What you should do
Only the pictures are to be left out; write out the rest of the data exactly.

%%

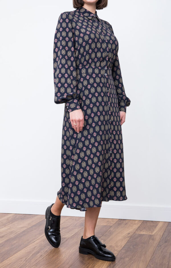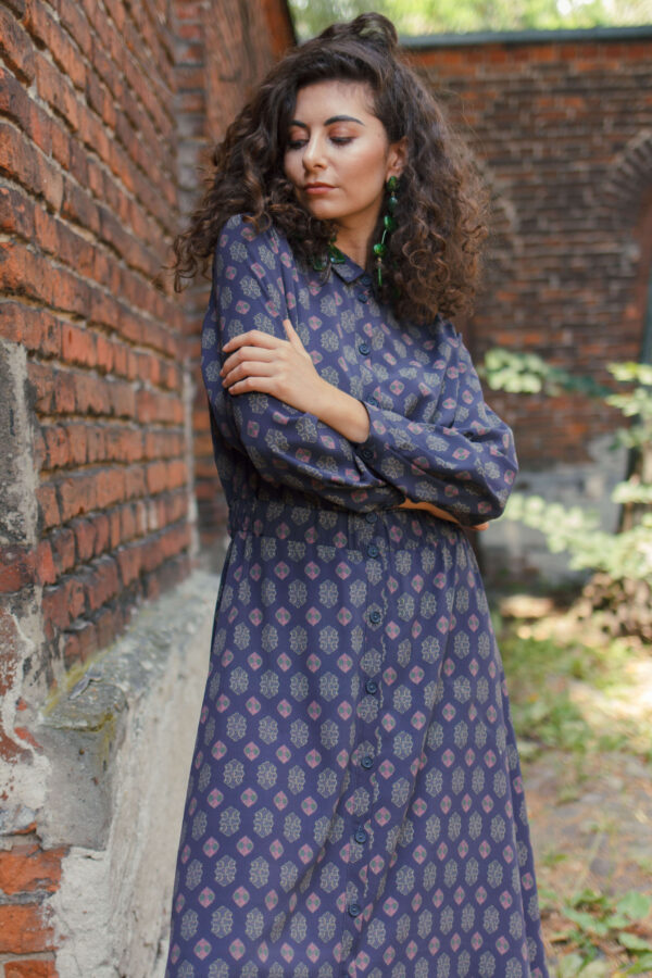Koszulowa sukienka długości midi. Wszyta guma pięknie podkreśla talię. Uszyta w Polsce. Czas wysyłki 1-2 dni.
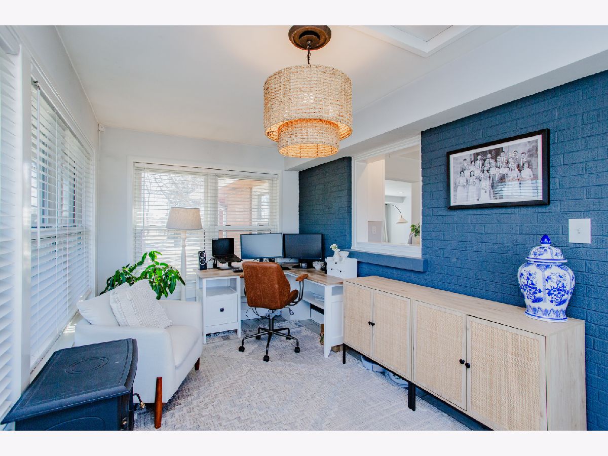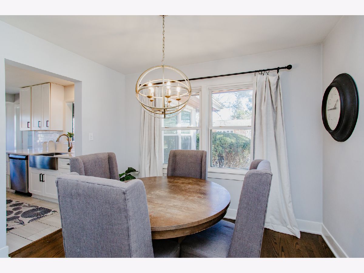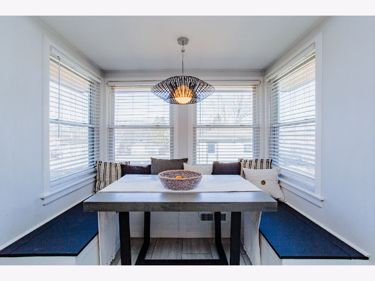 Beautifully updated, this charming ranch home showcases a polished kitchen renovation completed in 2020, featuring elegant quartz countertops, stainless steel appliances, and a classic farmhouse sink. A cozy breakfast nook with a custom banquette offers the perfect space for casual dining. The sun-drenched sunroom, adorned with wall-to-wall windows, serves as an ideal home office and conveniently doubles as a mudroom. The expansive lower-level recreation room provides abundant additional living space, perfect for entertaining or relaxation. Three well-appointed bedrooms are located on the main level, while the finished basement includes a fourth bedroom and a full bathroom, making it an ideal guest suite or private retreat. Ample storage and a laundry area are also located in the basement. Outside, the generous backyard boasts a brick paver patio, perfect for outdoor gatherings, and a detached two-car garage. Situated just two blocks from Eldridge Park, residents will enjoy easy access to scenic walking and biking trails, basketball courts, playgrounds, a fishing pond, and a popular sledding hill - offering recreation opportunities year-round.
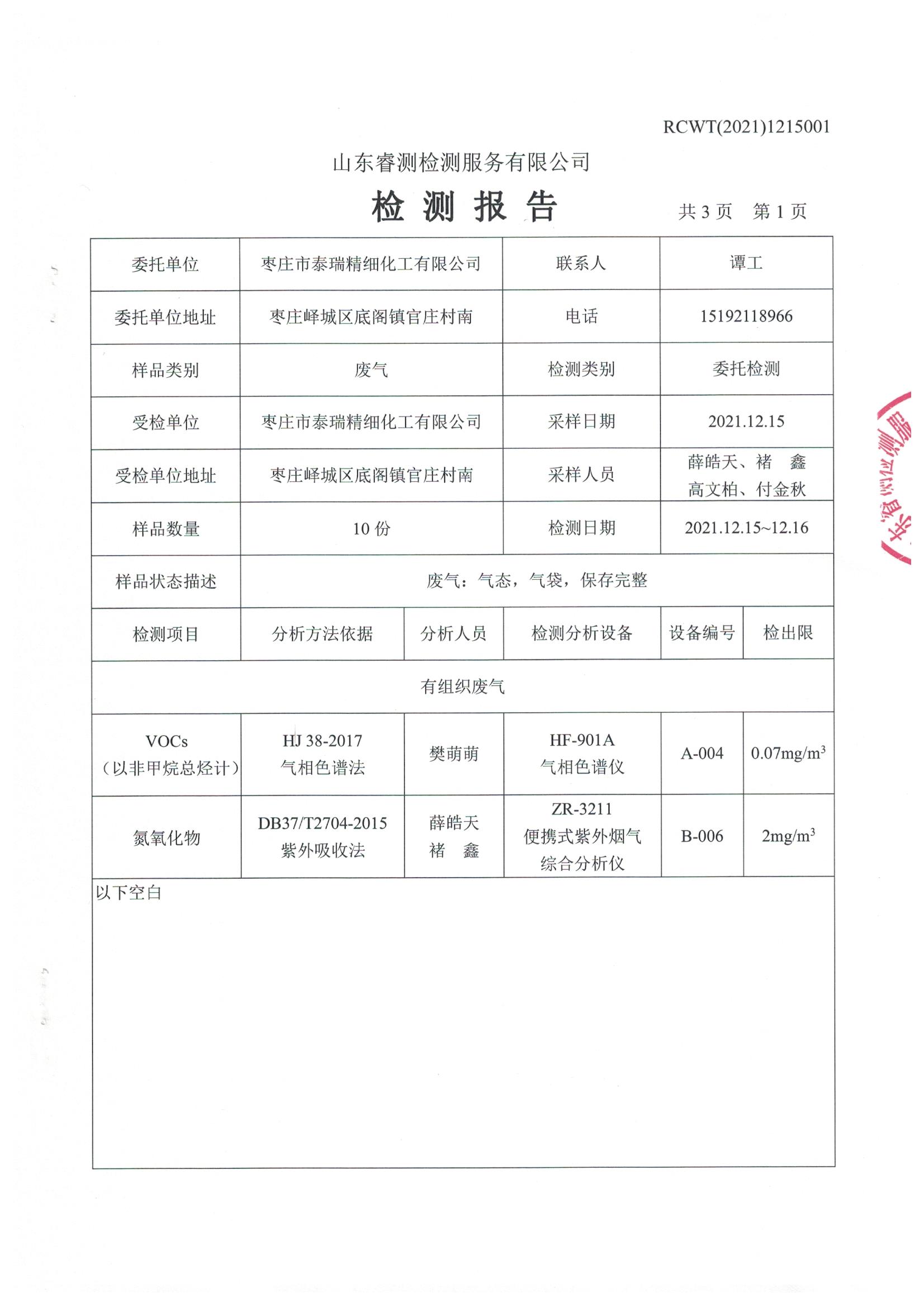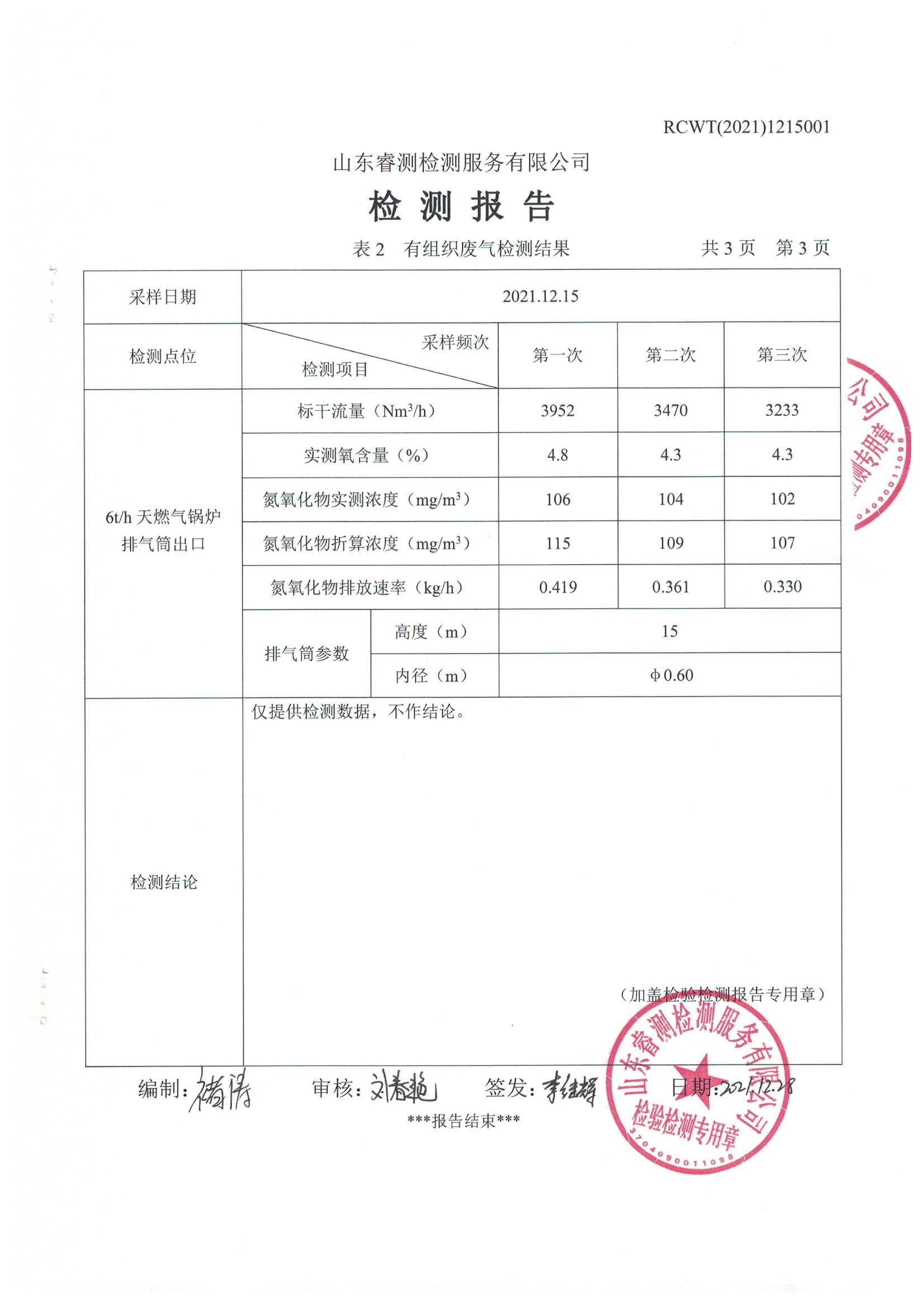 2021年12月份自行檢測報告
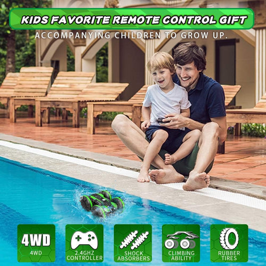 Car Toys for 6-10 Year Old Boys Amphibious Remote Control Car, Stunt Mini Truck RC Car for Kids 2.4 Ghz 4WD Remote Control Boat Waterproof Vehicle All Terrain Christmas Birthday Gifts-Green
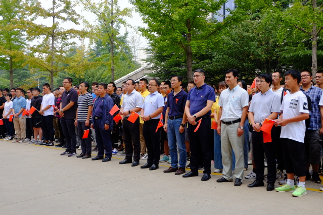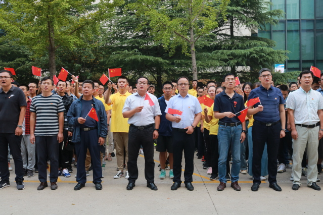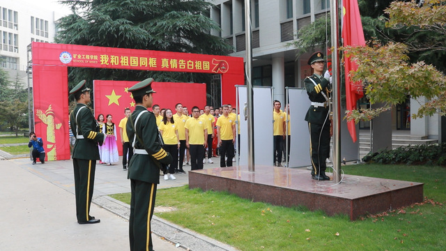 8时整,在矿业学院楼门前,学院参加活动的全体师生面向国旗、奏唱国歌,在雄壮的国歌声和师生的注目中,鲜红的国旗冉冉升起,迎风飘扬。

%%

Completed exercise
Koszulowa sukienka długości midi. Wszyta guma pięknie podkreśla talię. Uszyta w Polsce. Czas wysyłki 1-2 dni.
 Beautifully updated, this charming ranch home showcases a polished kitchen renovation completed in 2020, featuring elegant quartz countertops, stainless steel appliances, and a classic farmhouse sink. A cozy breakfast nook with a custom banquette offers the perfect space for casual dining. The sun-drenched sunroom, adorned with wall-to-wall windows, serves as an ideal home office and conveniently doubles as a mudroom. The expansive lower-level recreation room provides abundant additional living space, perfect for entertaining or relaxation. Three well-appointed bedrooms are located on the main level, while the finished basement includes a fourth bedroom and a full bathroom, making it an ideal guest suite or private retreat. Ample storage and a laundry area are also located in the basement. Outside, the generous backyard boasts a brick paver patio, perfect for outdoor gatherings, and a detached two-car garage. Situated just two blocks from Eldridge Park, residents will enjoy easy access to scenic walking and biking trails, basketball courts, playgrounds, a fishing pond, and a popular sledding hill - offering recreation opportunities year-round.
 2021年12月份自行檢測報告
 Car Toys for 6-10 Year Old Boys Amphibious Remote Control Car, Stunt Mini Truck RC Car for Kids 2.4 Ghz 4WD Remote Control Boat Waterproof Vehicle All Terrain Christmas Birthday Gifts-Green
 8时整,在矿业学院楼门前,学院参加活动的全体师生面向国旗、奏唱国歌,在雄壮的国歌声和师生的注目中,鲜红的国旗冉冉升起,迎风飘扬。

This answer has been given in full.